ALSM continues to expand

Mirror photo by Gary M. Baranec From left, William Hickox and Jane Shultz join Cory Geishauser, a life enrichment manager, for a sing-a-long at Allegheny Lutheran Social Ministries in Hollidaysburg.

Allegheny Lutheran Social Ministries has grown during its 70 years, and leaders expect further growth in the years ahead.

Today, ALSM is the only regional not-for-profit organization offering services that span the generations in an eight-county service area.

“We are a not-for-profit organization that uses business principles so we can sustain our services. We are a social business. We respond to the needs of the people in the community,” said Patricia Savage, president and CEO.

Today’s ALSM was founded in 1948 by Rev. Dr. Luke Rhoads, pastor of the First Lutheran Church in Altoona.

“He and the congregation raised about $336,000. That was the beginning of the Allegheny Lutheran Home in Hollidaysburg. That would be well over $1 million in today’s dollars,” Savage said. “The reason was if Lutheran seniors needed a care home, they had to go to Washington, D.C., to go to a Lutheran home. Today we serve anyone who needs our services.”

On April 5, 1948, the Allegheny Lutheran Home was incorporated with Rhoads as executive director. He remained in this role until his retirement in 1978. Through the leadership of Rhoads, the Allegheny Lutheran Home at Hollidaysburg opened in 1950.

A temporary residence was opened in Johnstown in 1954, and a second Allegheny Lutheran Home opened there in 1960.

“We just did a major refurbishing of the personal care wing and added a child day care center there, as well,” Savage said.

In 1978, Daun McKee became executive director and ALSM expanded services, offering children’s day care programs through Growing Years Early Learning and Head Start programs in Bedford and Fulton counties. In the 1980s, services expanded to add adult day programs — Senior Daily Living Centers and before-and-after-school programs for children.

In the 1990s, ALSM continued to offer more community-based programs to assist individuals who wanted to remain independent in their own homes. ALSM at Home now provides in-home personal care and companion care in Blair, Cambria and Somerset counties.

A third senior living community, the Oaks at Pleasant Gap, opened in Centre County.
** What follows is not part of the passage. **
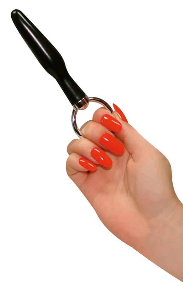Plug flessibile con anello color argento. Ca. 10,5 cm di lunghezza, Ø 1-2 cm. Nero. Materiale: PVC, ABS.

“We had a generous donor in Centre County — Margaret Schreffler, who donated $1 million. Her donation was to provide residential care services in Pleasant Gap,” Savage said.

In 1996, McKee retired, Savage became president and CEO of ALSM and the growth continued.

“Under my tenure, we became more financially sustainable and expanded independent living cottages for seniors. We recently opened new independent living cottages by the golf course called Blairmont Commons. We upgraded our personal care home in Johnstown. We’ve moved into retired assisted housing for seniors in Pleasant Gap and Somerset. We are consolidating our two senior daily living centers into a new building in Somerset that will be done this summer,” Savage said.

The growth also included a new administration building along Logan Boulevard.

“The small administration building in Hollidaysburg was not adequate for our needs. We have well over 100 people on a waiting list for independent living cottages. We needed the land for cottages. We also felt we needed a building that was more visible. We did a survey, and people said they thought all we did was run the Lutheran home in Hollidaysburg,” Savage said.

ALSM officials are proud of their growth.

“I am most proud of Allegheny Lutheran Social Ministries continuing to grow and serve the needs of the people. I’ve been told people believe we care for people deeply and treat our staff right. We fulfill the mission to serve people through love, compassion and mercy. We walk the talk. Each year, we provide more than $2 million in charitable care to those residents who have outlived their resources,” Savage said.

“ALSM has grown and succeeded precisely because of the strong faith and outstanding abilities of our unparalleled staff. From the top on down, they are men and women of the finest character, inspired by their mission to provide the best for our clients and explore new ways to meet the needs of our community,” said Pastor John Miller of Trinity Lutheran Church in DuBois, chairman of the board of trustees.

Savage credits the board for the growth.

“I think our board of trustees has a real commitment to Allegheny Lutheran Social Ministries and a vision to grow and continue to serve people and look at programs we would consider starting. They have been very supportive. We have been good stewards of the funds we have because we use good business principles,” Savage said.

Savage expects ALSM to continue to grow.

“We look for opportunities in program expansion, partners who have a similar mission to ours. I think we will see more independent living for seniors. People want to stay in their homes. There will be more cottages with services coming from the community to help maintain their own homes. We want to do anything to help people remain independent in their own homes. That is the wave of the future,” Savage said.